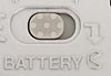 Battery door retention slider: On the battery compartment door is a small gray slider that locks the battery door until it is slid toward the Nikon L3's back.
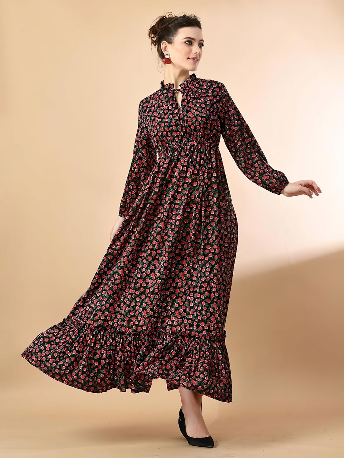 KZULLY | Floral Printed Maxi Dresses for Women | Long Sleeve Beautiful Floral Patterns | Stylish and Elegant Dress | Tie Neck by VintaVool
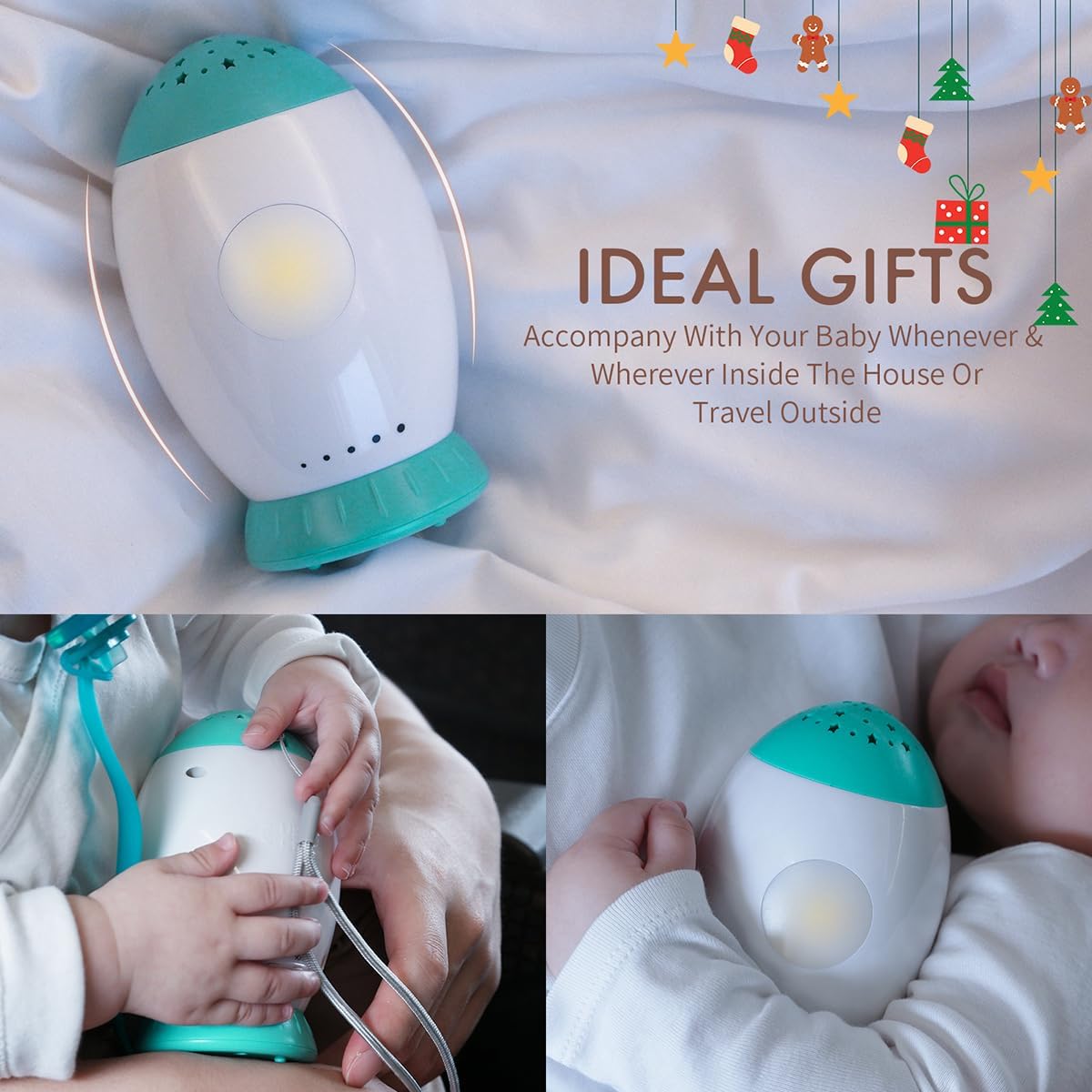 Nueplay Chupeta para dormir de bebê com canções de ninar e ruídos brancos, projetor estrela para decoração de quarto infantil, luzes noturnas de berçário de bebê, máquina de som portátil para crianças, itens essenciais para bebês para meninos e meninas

....

- _DESCRIPTION OF THE TASK_:
Please write out the whole listing exactly, but not the pictures in it.

- _WORKED SOLUTION_:
 Battery door retention slider: On the battery compartment door is a small gray slider that locks the battery door until it is slid toward the Nikon L3's back.
 KZULLY | Floral Printed Maxi Dresses for Women | Long Sleeve Beautiful Floral Patterns | Stylish and Elegant Dress | Tie Neck by VintaVool
 Nueplay Chupeta para dormir de bebê com canções de ninar e ruídos brancos, projetor estrela para decoração de quarto infantil, luzes noturnas de berçário de bebê, máquina de som portátil para crianças, itens essenciais para bebês para meninos e meninas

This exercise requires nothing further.